Problem statement: Give back the whole listing exactly as written, leaving out each picture.

==*==

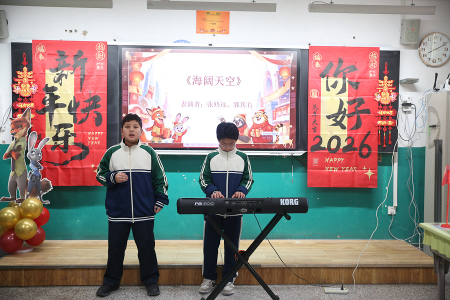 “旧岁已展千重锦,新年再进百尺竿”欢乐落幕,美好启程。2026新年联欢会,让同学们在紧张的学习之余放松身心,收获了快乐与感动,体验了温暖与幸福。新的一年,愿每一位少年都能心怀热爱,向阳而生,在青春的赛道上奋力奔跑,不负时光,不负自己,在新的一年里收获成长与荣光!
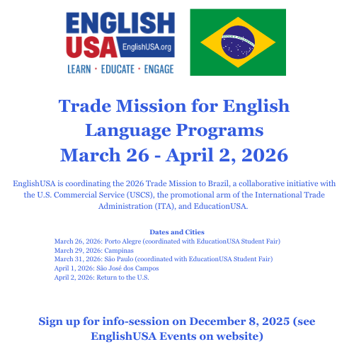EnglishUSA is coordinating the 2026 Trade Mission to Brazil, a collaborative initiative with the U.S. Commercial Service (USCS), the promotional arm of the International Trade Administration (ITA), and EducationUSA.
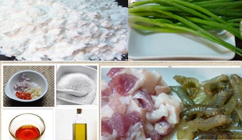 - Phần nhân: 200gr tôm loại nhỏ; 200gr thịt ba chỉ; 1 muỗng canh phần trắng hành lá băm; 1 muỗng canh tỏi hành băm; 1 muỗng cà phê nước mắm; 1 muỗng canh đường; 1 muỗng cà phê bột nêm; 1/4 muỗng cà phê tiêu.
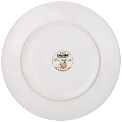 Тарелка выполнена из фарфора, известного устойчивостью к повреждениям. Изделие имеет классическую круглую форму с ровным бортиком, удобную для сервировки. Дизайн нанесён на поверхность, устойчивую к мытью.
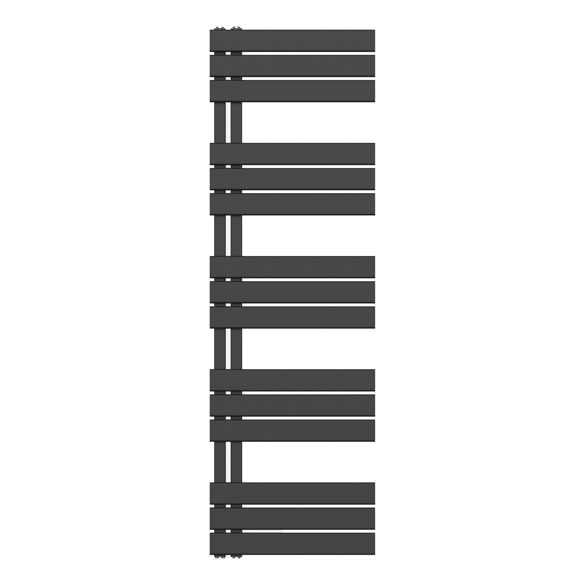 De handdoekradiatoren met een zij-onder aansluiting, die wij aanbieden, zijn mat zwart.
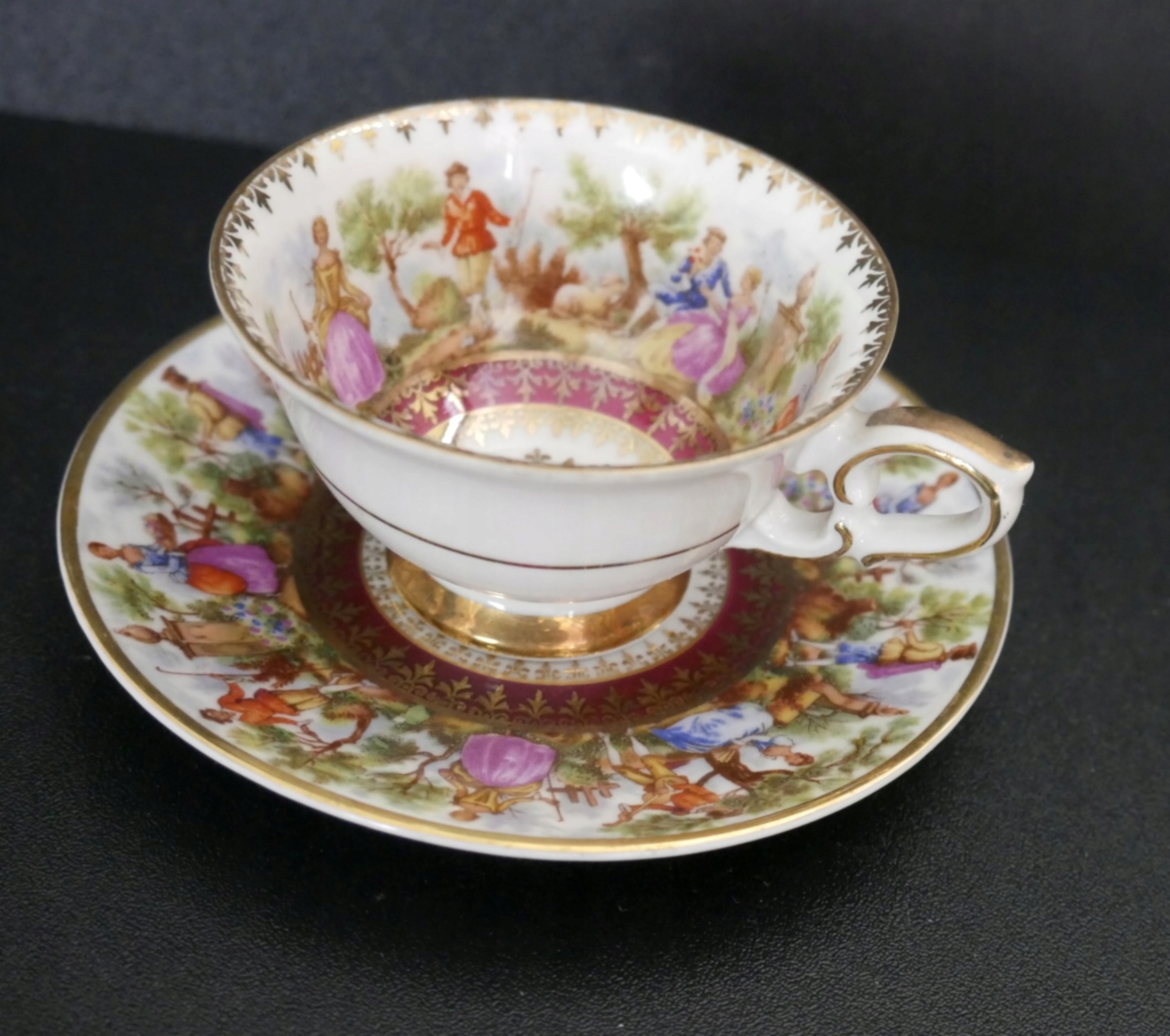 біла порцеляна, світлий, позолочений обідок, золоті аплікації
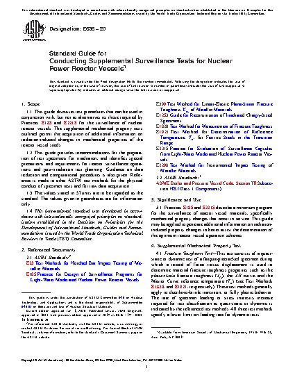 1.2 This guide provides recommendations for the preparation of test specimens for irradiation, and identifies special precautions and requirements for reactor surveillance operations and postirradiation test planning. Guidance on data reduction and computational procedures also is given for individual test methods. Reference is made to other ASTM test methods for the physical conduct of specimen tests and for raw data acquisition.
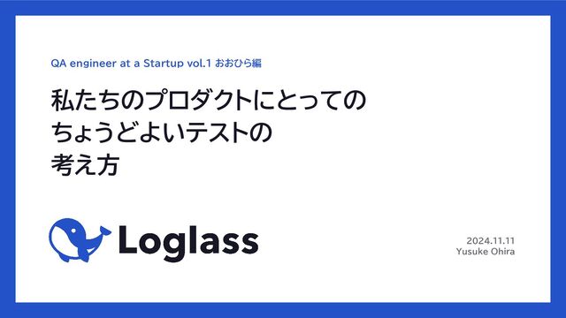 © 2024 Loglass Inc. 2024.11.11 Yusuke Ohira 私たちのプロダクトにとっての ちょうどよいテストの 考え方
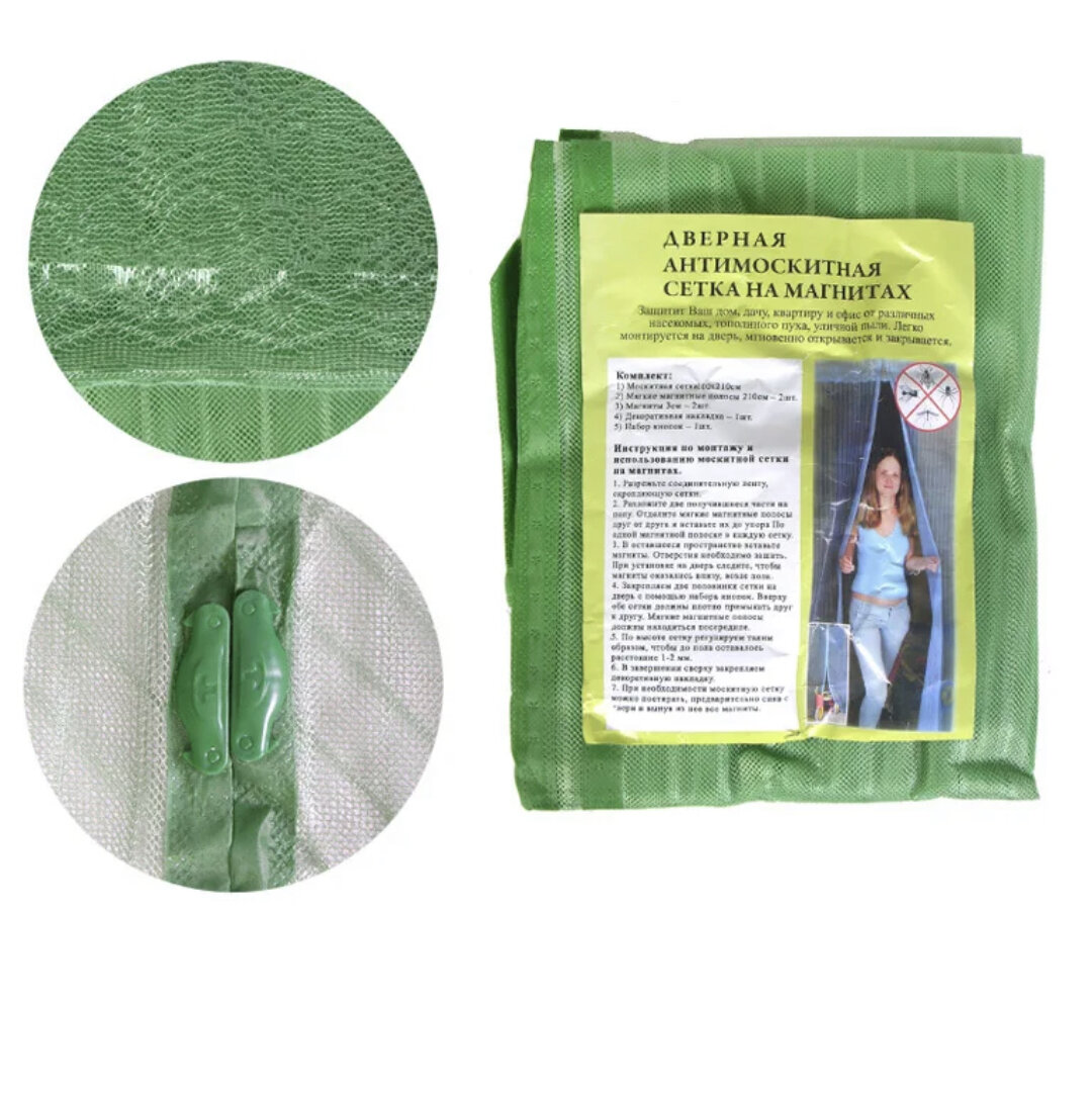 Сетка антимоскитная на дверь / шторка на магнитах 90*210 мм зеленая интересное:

==*==

Your response:
 “旧岁已展千重锦,新年再进百尺竿”欢乐落幕,美好启程。2026新年联欢会,让同学们在紧张的学习之余放松身心,收获了快乐与感动,体验了温暖与幸福。新的一年,愿每一位少年都能心怀热爱,向阳而生,在青春的赛道上奋力奔跑,不负时光,不负自己,在新的一年里收获成长与荣光!
EnglishUSA is coordinating the 2026 Trade Mission to Brazil, a collaborative initiative with the U.S. Commercial Service (USCS), the promotional arm of the International Trade Administration (ITA), and EducationUSA.
 - Phần nhân: 200gr tôm loại nhỏ; 200gr thịt ba chỉ; 1 muỗng canh phần trắng hành lá băm; 1 muỗng canh tỏi hành băm; 1 muỗng cà phê nước mắm; 1 muỗng canh đường; 1 muỗng cà phê bột nêm; 1/4 muỗng cà phê tiêu.
 Тарелка выполнена из фарфора, известного устойчивостью к повреждениям. Изделие имеет классическую круглую форму с ровным бортиком, удобную для сервировки. Дизайн нанесён на поверхность, устойчивую к мытью.
 De handdoekradiatoren met een zij-onder aansluiting, die wij aanbieden, zijn mat zwart.
 біла порцеляна, світлий, позолочений обідок, золоті аплікації
 1.2 This guide provides recommendations for the preparation of test specimens for irradiation, and identifies special precautions and requirements for reactor surveillance operations and postirradiation test planning. Guidance on data reduction and computational procedures also is given for individual test methods. Reference is made to other ASTM test methods for the physical conduct of specimen tests and for raw data acquisition.
 © 2024 Loglass Inc. 2024.11.11 Yusuke Ohira 私たちのプロダクトにとっての ちょうどよいテストの 考え方
 Сетка антимоскитная на дверь / шторка на магнитах 90*210 мм зеленая интересное:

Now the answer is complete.